Шнееланд
Бранд. Гостиница «Худе и Хеннике»
20 число месяца Монаха 1855 года
1
Холодный не по-весеннему дождь стучал в окно гостиничного номера, как будто ему тоже было холодно, и он хотел согреться.
Ксавье поморщился и задернул шторы.
После того, как он прибыл в Бранд и доложил о результатах своей поездки в Штальштадт — неожиданно выяснилось, что ему теперь негде жить. В школе на улице Серых крыс уже обитало новое поколение будущих сотников, молодых и глупых (неужели мы были такими же каких-то… несколько месяцев назад?! Казалось, прошли годы и годы…), в казарме Черной сотни ему были рады, но казарменная жизнь Ксавье уже слегка поднадоела. В принципе, он и так собирался снять номер в гостинице, но, получив на руки денежное довольствие за месяц и удивившись полученной сумме — юноша полагал, что заслуживал гораздо меньшего — Ксавье решил плюнуть на все.
Жизнь у человека одна, никому еще не удалось забрать с собой на тот свет даже паршивого гроша, а опыт первого задания, полученного в Черной сотне, говорил о том, что эта самая жизнь еще и может окончиться в любой момент.
Так к чему копить и экономить?
Кажется, он начал понимать старинных солдат-наемников. Разодетые как попугаи, тратящие заработанные буквально кровью деньги на выпивку и веселых девиц, да что там девиц — иногда просто выбрасывающих деньги на ветер, не умеющие и не желающие копить «на старость»… Глупцы? Как посмотреть? Судьба наемника — ежедневно совать голову в пасть дракона, и чем чаще ты это делаешь, тем меньше шансы, что ты сможешь выдернуть ее обратно в очередной раз. Ну а коли так — к чему думать о будущем, давайте сделаем ярким настоящее!
Охваченный очень похожими чувствами, Ксавье снял номер не просто в гостинице — в «Худе и Хеннике», самой новой, самой дорогой и самой роскошной гостинице столице. Построена она был настолько недавно, что журнал клиентов раскрылся с ощутимым треском, отчего усатый портье еле заметно поморщился.
В номере на третьем этаже — на который Ксавье взлетел на бесшумном пневматическом лифте — к услугам гостей были ванна и туалет, газовые светильники и мягкая мебель, пушистые ковры и механическая органетта для проигрывания музыки, небольшой ящичек с заводной рукояткой и набором механических дисков, усеянных крохотными штифтами. На лакированном боку органетты скромно висела полированная латунная табличка, говорящая о том, что сделана она не где-нибудь там, а в самом Брумосе. Ксавье посмотрел на нее, хмыкнул и, когда консьерж ушел, достал нож, тот самый, вместе с которым они прошли штальштадский мятеж, и осторожно отвинтил винтики, державшие пластинку. Посмотрел на скрытые под ней аккуратно выжженные цифры. Брумос, говорите… Юноша мог бы поклясться, что был знаком с теми, кто собрал эту механическую игрушку.

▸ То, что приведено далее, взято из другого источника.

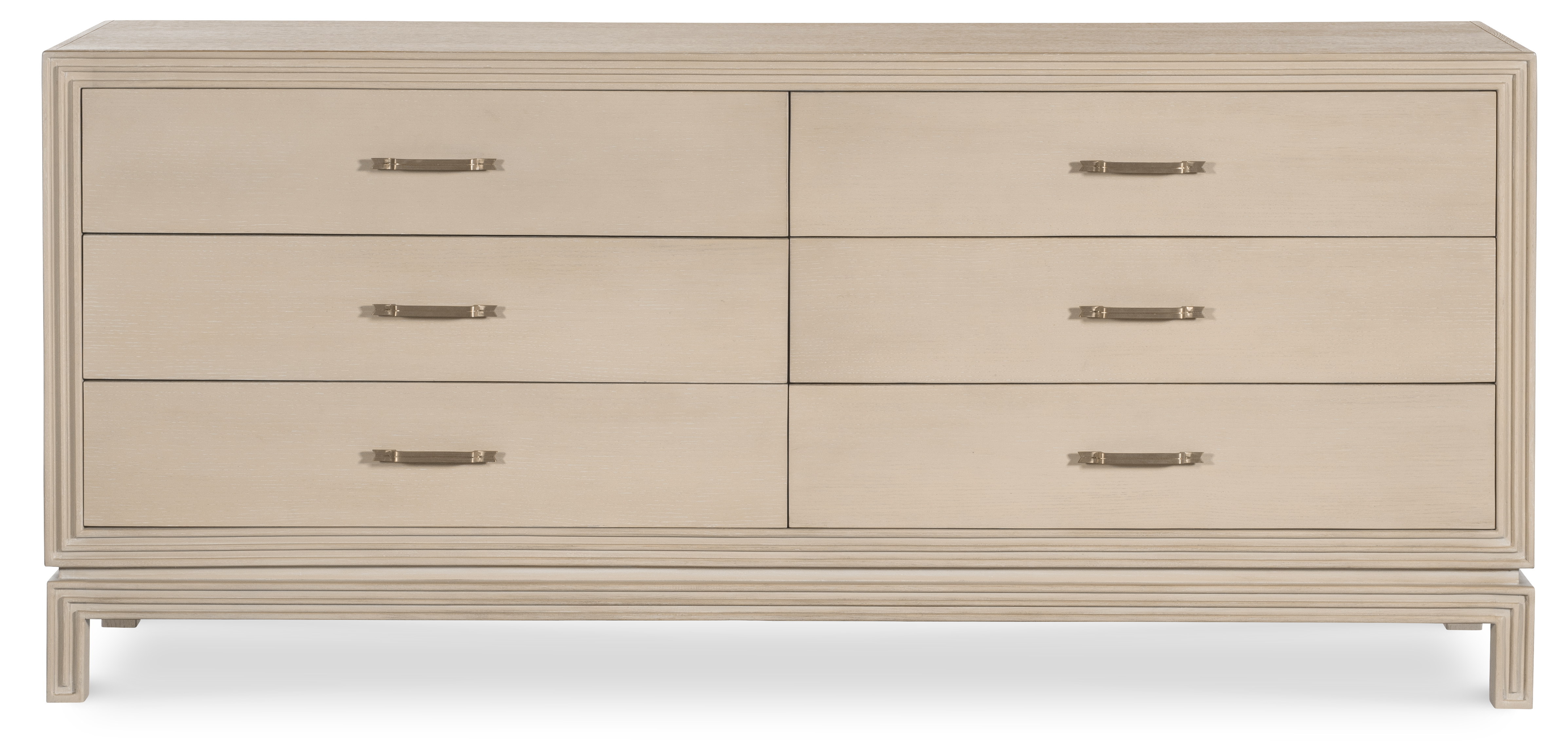 A linear carved border wraps each side of our Deco inspired Lewis Collection, framing every elevation. The same striking carving is replicated in the base, with the case floating above separated by a reveal. The brass hardware with ribbon detail compliments the border design and adds vintage flair. The inset drawers speak to old-world craftsmanship.

Еще в номере было паровое отопление, отчего промозглая погода за окном уже не казалась такой мерзкой. Особенно, если ты находился в мягком кресле с бокалом чего-нибудь этакого.
В дверь постучали.
Ксавье поставил свой имбирный лимонад на столик и поднялся. В бок, как бы намекая, ткнулся рукоятью нож. Все спокойно, верный друг, все спокойно… Мы в гостинице, посредине столицы, за поясом у меня — ты, а за пазухой — револьвер.
Все спокойно.
Дверь открылась…
— Вольф?
Бледный сероглазый юноша в мундире Черной сотни наклонил голову:
— Ксавье.
Он шагнул внутрь, закрыл за собой дверь — и стиснул своего друга в объятьях:
— Ксавье!
Тут же, как будто устыдившись порыва, он отстранился и посмотрел Ксавье в лицо.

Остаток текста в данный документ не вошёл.